** Stored data follows **
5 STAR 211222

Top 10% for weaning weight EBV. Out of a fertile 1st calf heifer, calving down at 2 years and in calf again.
** End of Stored data **
** Stored data follows **
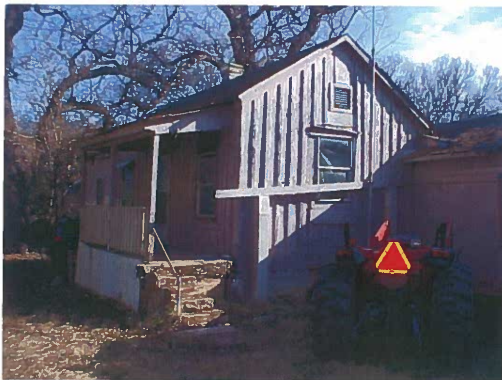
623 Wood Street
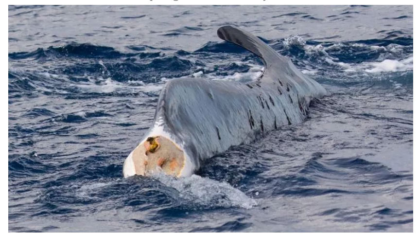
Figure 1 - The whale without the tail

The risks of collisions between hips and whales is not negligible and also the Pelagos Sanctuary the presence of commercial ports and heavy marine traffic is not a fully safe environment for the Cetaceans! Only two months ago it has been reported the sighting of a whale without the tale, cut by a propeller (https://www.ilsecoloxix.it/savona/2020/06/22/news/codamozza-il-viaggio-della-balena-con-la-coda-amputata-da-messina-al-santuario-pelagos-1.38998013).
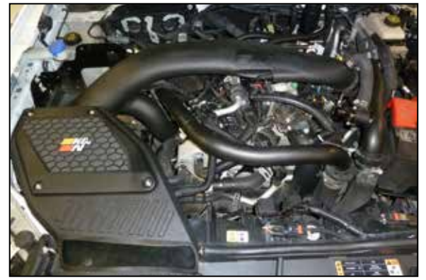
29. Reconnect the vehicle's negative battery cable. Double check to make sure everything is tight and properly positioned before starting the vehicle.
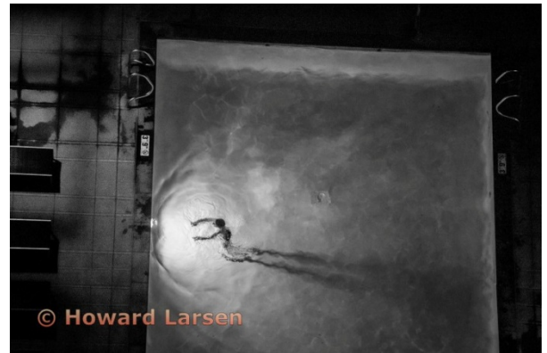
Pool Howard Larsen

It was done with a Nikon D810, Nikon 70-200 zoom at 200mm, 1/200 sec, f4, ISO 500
** End of Stored data **
** Stored data follows **
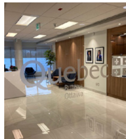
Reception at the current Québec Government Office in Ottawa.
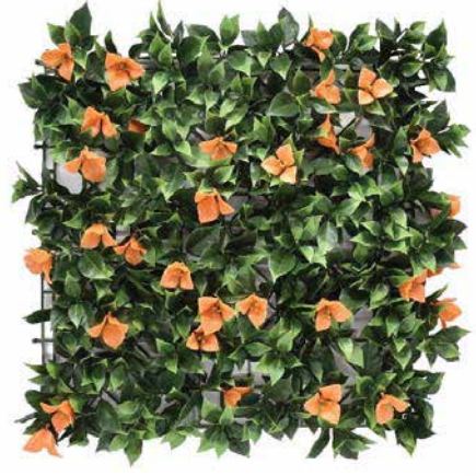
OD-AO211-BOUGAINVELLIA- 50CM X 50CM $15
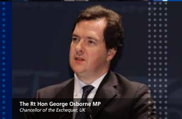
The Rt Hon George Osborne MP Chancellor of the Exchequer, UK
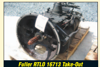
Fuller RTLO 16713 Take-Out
** End of Stored data **
=== Task item ===
In how many lines of the preceding material does the word "without" occur? Answer with the number only.

=== Solution to this problem ===
2